The Handmaiden is all of the best parts of a Park Chan-wook film with the added bonus of being a lesbian love story. You’ve got crime great and small, villains with twisted machinations, a murderous octopus… there’s a lot to love in this film.
The film follows Sook-hee (Kim Tae-ri), a clever young thief, teaming up with Count Fujiwara (Ha Jung-woo), a conman and not a count, teaming up to scam the sheltered Lady Hideko (Kim Min-hee). Sook-hee’s role is originally to pose as a Lady Hideko’s handmaiden in order to push her into marrying the Count, but she soon begins developing feelings for her mark. Saying any more than that would ruin the fun of diving into this winding story yourself.
The film was based on Fingersmith, a book by Sarah Waters. I read it before the film came out and loved it. However, I can definitively say that the movie is better. Changing the setting from Victorian England to a Japanese-occupied Korea adds a new political lens to the story. Not only is the love between women forbidden, but it’s also about love specifically between a Japanese woman and a Korean woman in a time of political turmoil.
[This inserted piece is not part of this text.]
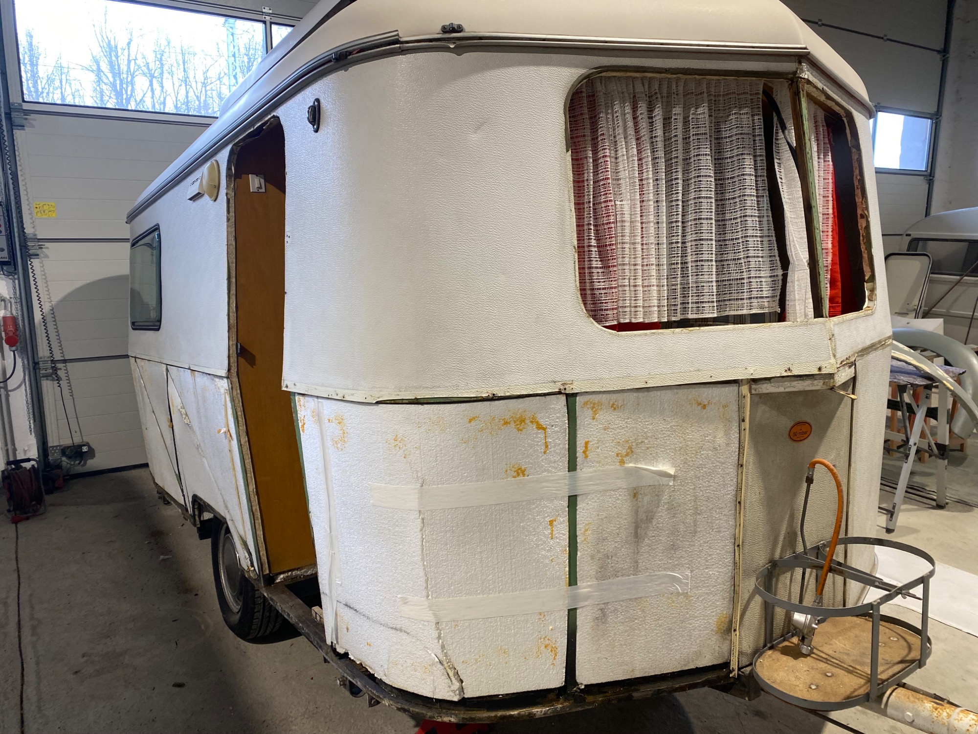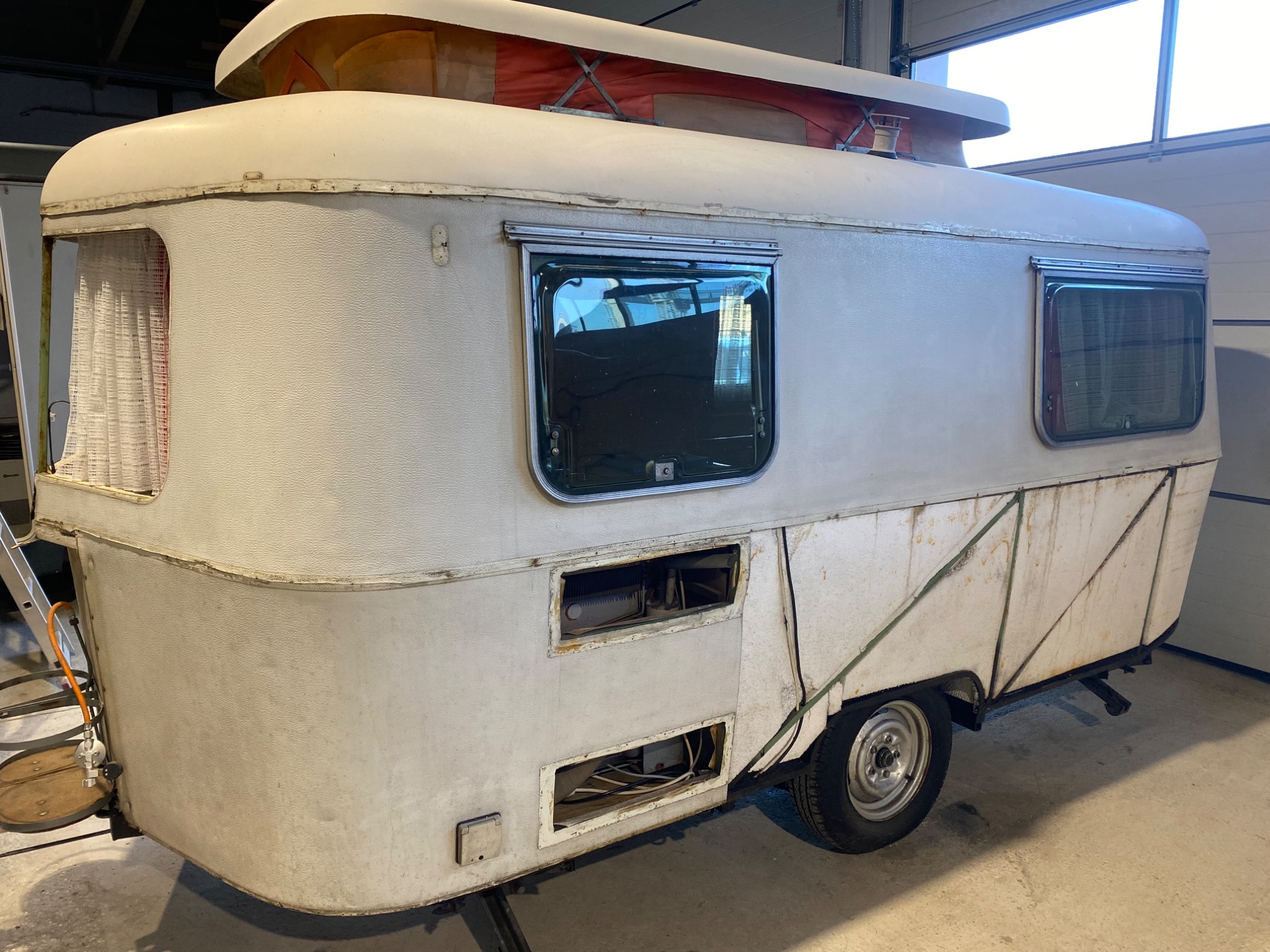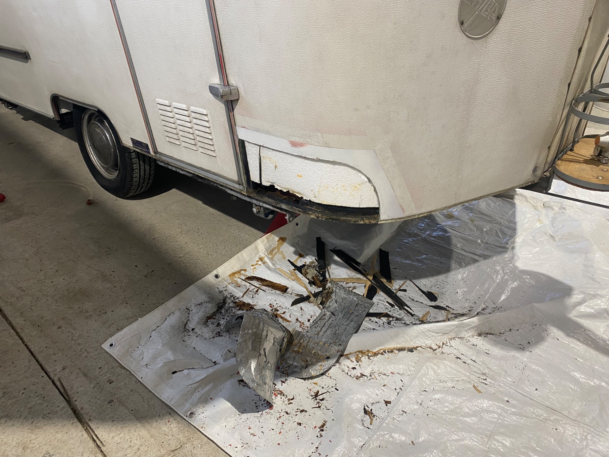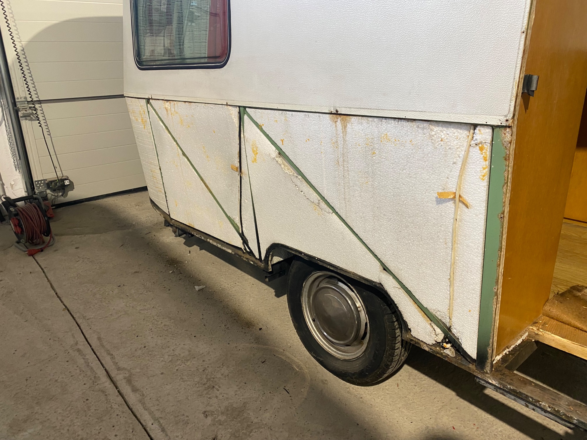 Der Wohnwagen besteht komplett aus Stahlblech, die Schweller rundum rosten durch wie beim Auto ... dieser war gerade noch zu retten, mit umfangreichen Karosseriearbeiten und natürlich dann gründlicher Konservierung - Hohlräume, Bleche innen und aussen und Unterboden.

Plus, Park’s eye for visual detail elevates the film to a whole other level. There are a host of iconic images that come to mind: a tooth and a thimble, a mannequin suspended from the ceiling, a noose hanging from a cherry tree. After watching this film, there will be at least one image that stays with you well after the credits have finished rolling.
The film is structured in a way similar to Gone Girl, in that one story is told and then revealed to not be what it appeared. Neither of the two leads are what they seem to be, so it adds an element of mystery not usually seen in lesbian film. In fact, it’s refreshing to see a movie in which the romance between the two women is not at the forefront, but rather is a well integrated part of a larger thriller. I suppose it would be more accurate to say that this is simply a film with a prominent lesbian couple rather than a strictly lesbian movie.
Park is obviously not a lesbian, but the source material was written by a lesbian woman. The characters are in no way stereotypical, and the sex scenes are stylized, but still romantic. Plus, it has a happy ending. As dark as Park’s films can get, there is no sign of the “bury your gays” trope here.
I cannot recommend this film enough. Just when you think you know how the story will play out, a character will surprise you with a new revelation. There are some vulnerable moments between Lady Hideko and Sook-hee that are so tender, you’ll melt in your seat. If you’re looking for a different kind of lesbian love story this pride month, plug your nose and dive headfirst into The Handmaiden.